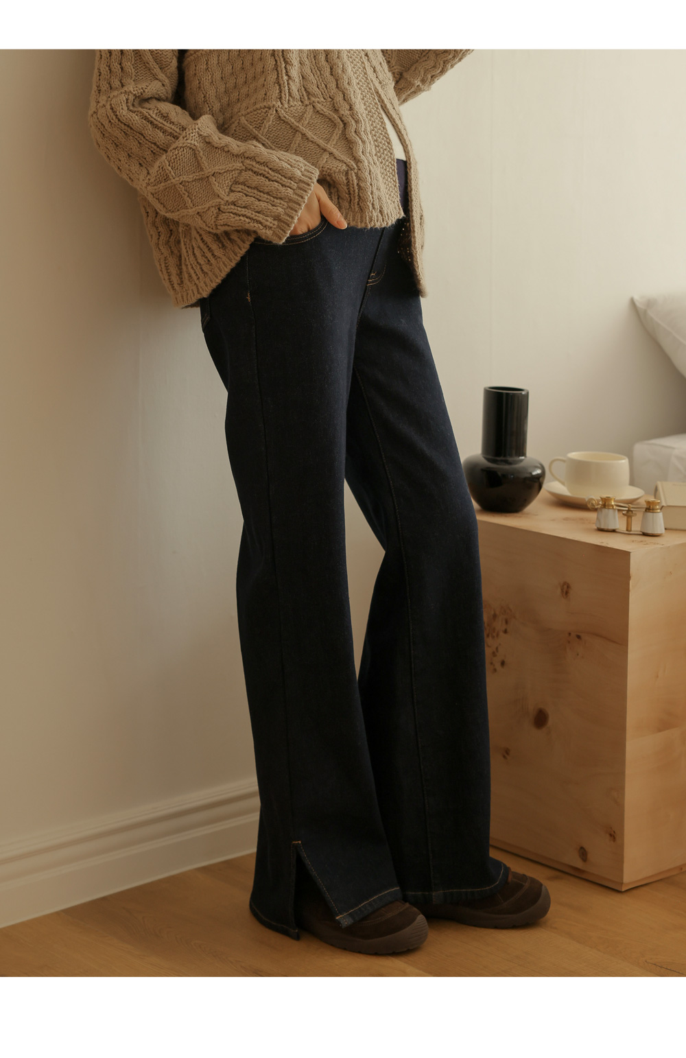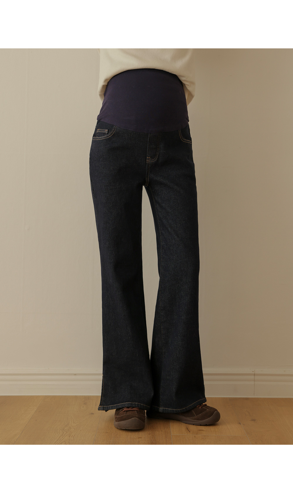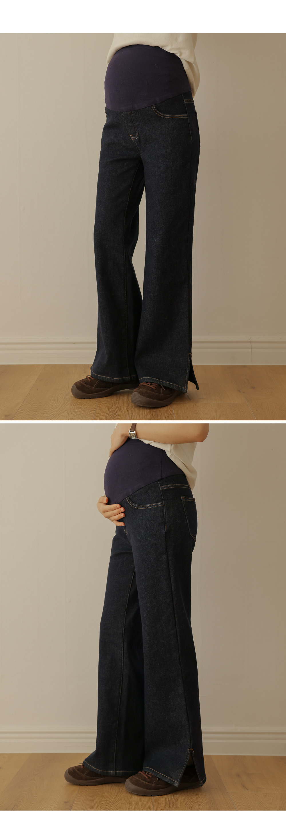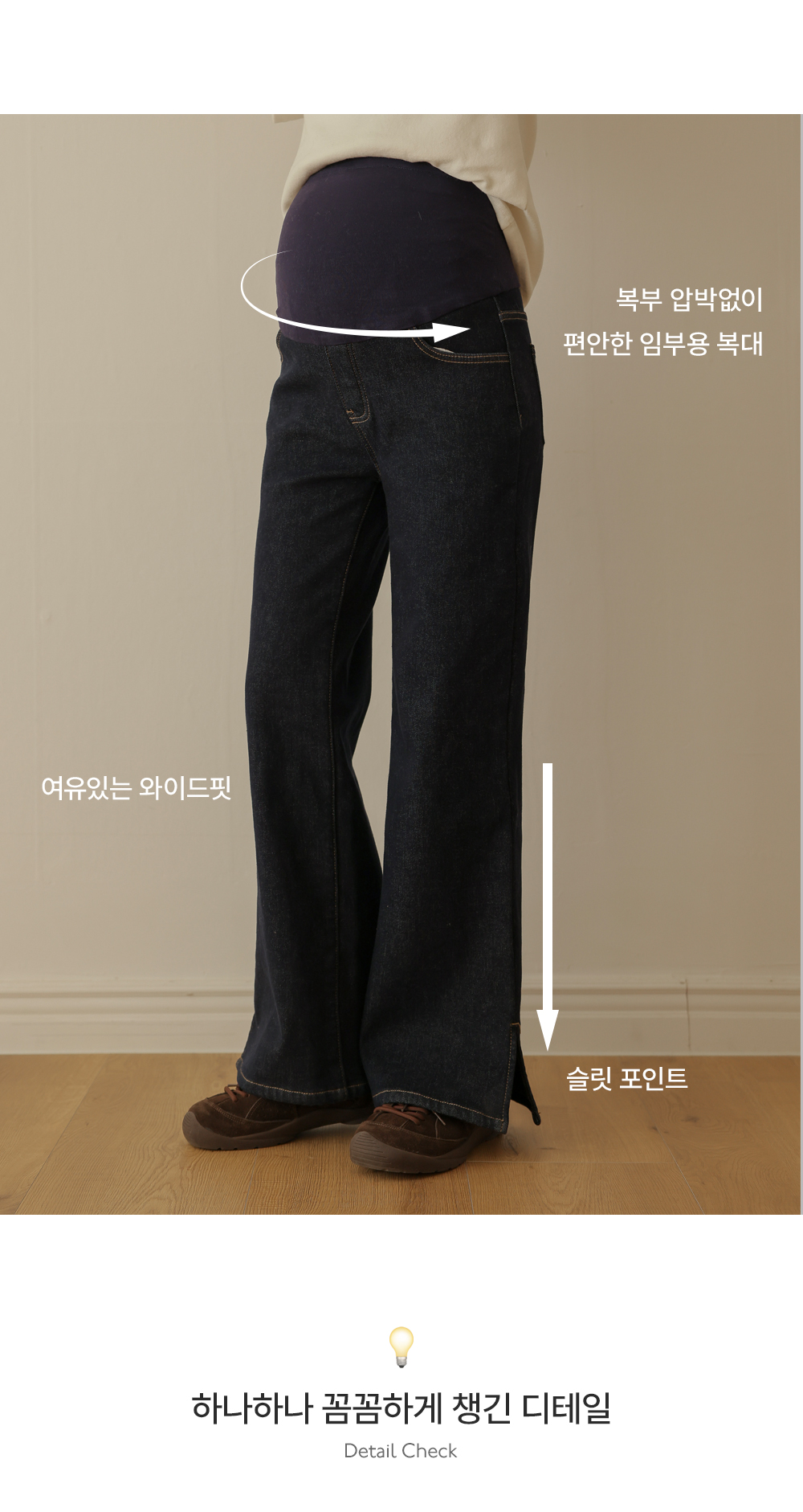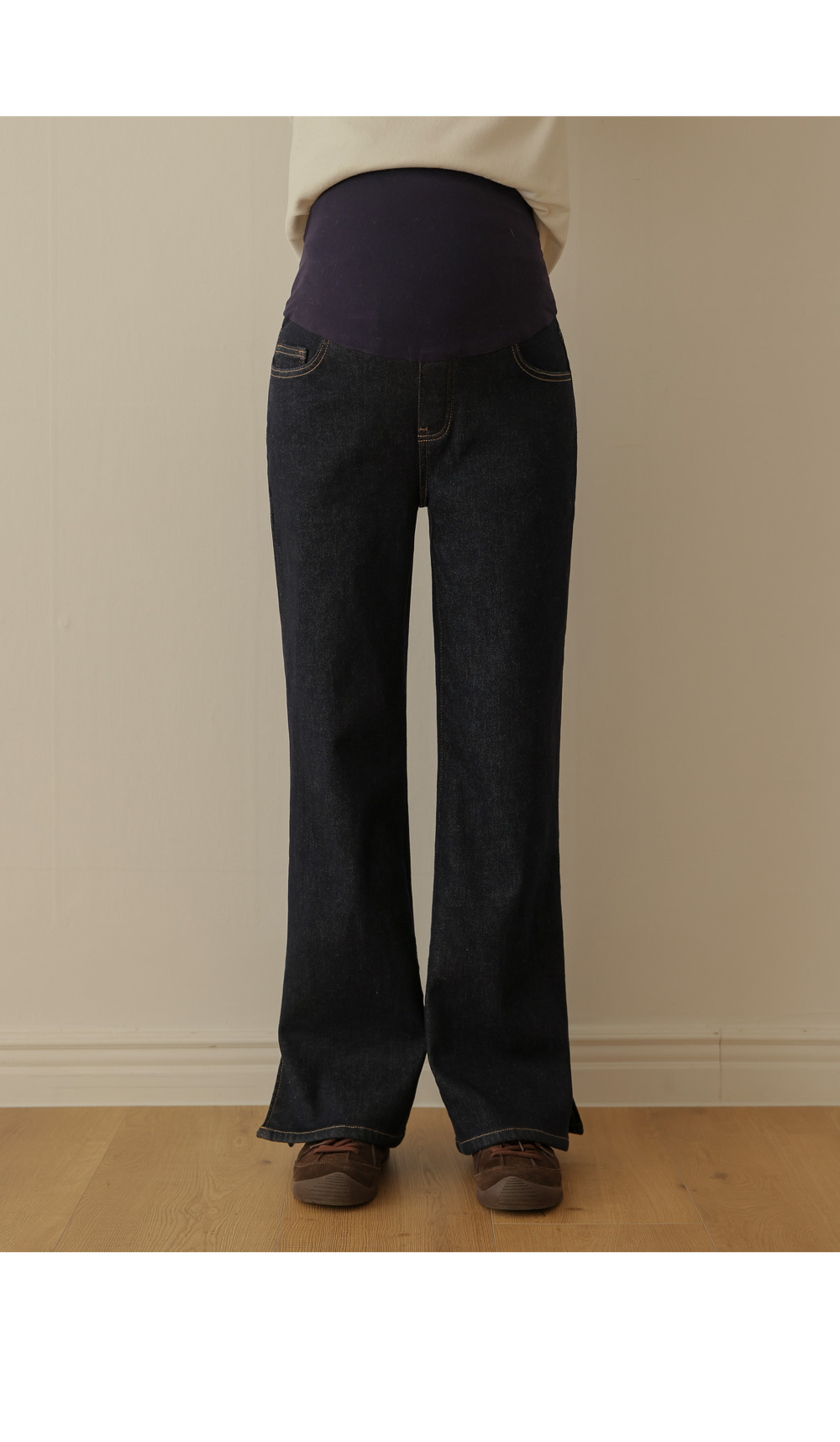 [S-made] Maternity* Life Fit Slit Spandex Wide Maternity Jeans (Ribbed)
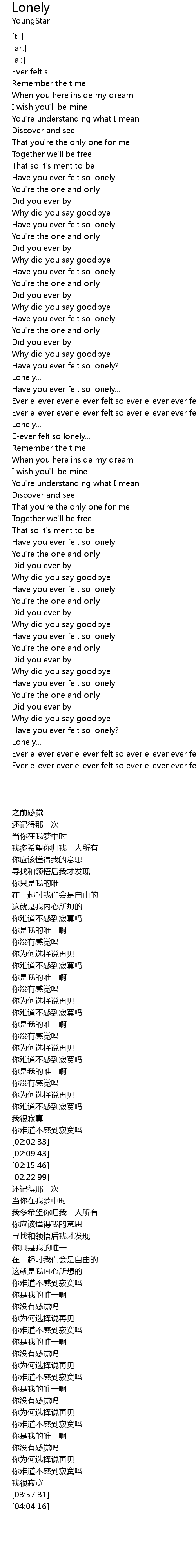 Ever e-ever ever e-ever felt so ever e-ever ever felt lonely so |
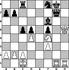 game notation in PGN-format [Event "friends 4"] [Site "www.myChess.de"] [Date "2007.07.20"] [Round "2"] [White "Shubaka"] [Black "ujack1961"] [ECO "A45"] [WhitemyELO "1500"] [BlackmyELO "1790"] [Result "1-0"] [TimeControl "10/864000"] [WhiteDays "10"] [BlackDays "10"] [MyChessNo "36594"] 1. d4 Nf6 2. Nc3 e6 3. e4 d6 4. Bd3 g6 5. f3 Nh5 6. Be3 Bg7 7. g4 Nf6 8. Qd2 O-O 9. h4 d5 10. e5 Nfd7 11. h5 Na6 12. hxg6 fxg6 13. Qh2 h5 14. Bxg6 h4 15. g5 Rf5 16. Bxf5 exf5 17. Qxh4 Nf8 18. Nge2 c6 19. O-O-O Be6 20. Nf4 Qe7 21. Qh5 Nc7 22. g6 c5 23. Bf2 Qd7 24. Bh4 Ne8 25. Nce2 Rc8 26. Nxe6 Qxe6 27. Nf4 Qd7 28. Bf6 Nxf6 29. exf6 Bxf6 30. g7 Qxg7 31. Rdg1 1-0 position notation in FEN-format 2r2nk1/pp4q1/5b2/2pp1p1Q/3P1N2/5P2/PPP5/2K3RR - - - 1 31 Captured white pieces: Captured black pieces: Click on a captured piece in order to display the desired move!
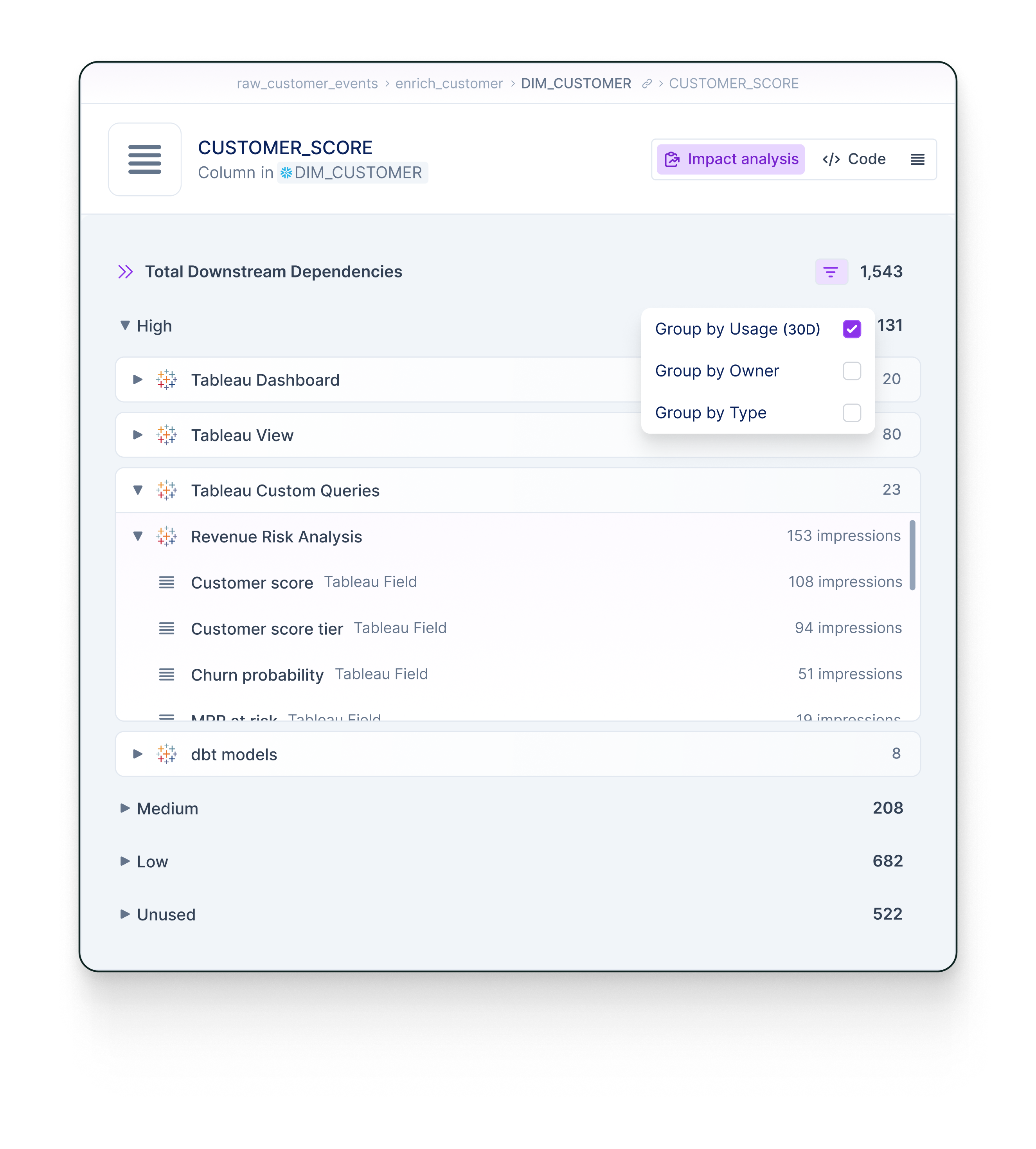 Instantly see what might break when you make changes. Euno maps downstream dependencies down to the column-level, prioritizes them by usage, and surfaces the right people to notify.

TASK REQUIREMENTS: The expected output is the whole listing, word for word, minus its pictures.

ANSWER TO THIS EXERCISE:
 [S-made] Maternity* Life Fit Slit Spandex Wide Maternity Jeans (Ribbed)
 Ever e-ever ever e-ever felt so ever e-ever ever felt lonely so |
 game notation in PGN-format [Event "friends 4"] [Site "www.myChess.de"] [Date "2007.07.20"] [Round "2"] [White "Shubaka"] [Black "ujack1961"] [ECO "A45"] [WhitemyELO "1500"] [BlackmyELO "1790"] [Result "1-0"] [TimeControl "10/864000"] [WhiteDays "10"] [BlackDays "10"] [MyChessNo "36594"] 1. d4 Nf6 2. Nc3 e6 3. e4 d6 4. Bd3 g6 5. f3 Nh5 6. Be3 Bg7 7. g4 Nf6 8. Qd2 O-O 9. h4 d5 10. e5 Nfd7 11. h5 Na6 12. hxg6 fxg6 13. Qh2 h5 14. Bxg6 h4 15. g5 Rf5 16. Bxf5 exf5 17. Qxh4 Nf8 18. Nge2 c6 19. O-O-O Be6 20. Nf4 Qe7 21. Qh5 Nc7 22. g6 c5 23. Bf2 Qd7 24. Bh4 Ne8 25. Nce2 Rc8 26. Nxe6 Qxe6 27. Nf4 Qd7 28. Bf6 Nxf6 29. exf6 Bxf6 30. g7 Qxg7 31. Rdg1 1-0 position notation in FEN-format 2r2nk1/pp4q1/5b2/2pp1p1Q/3P1N2/5P2/PPP5/2K3RR - - - 1 31 Captured white pieces: Captured black pieces: Click on a captured piece in order to display the desired move!
 Instantly see what might break when you make changes. Euno maps downstream dependencies down to the column-level, prioritizes them by usage, and surfaces the right people to notify.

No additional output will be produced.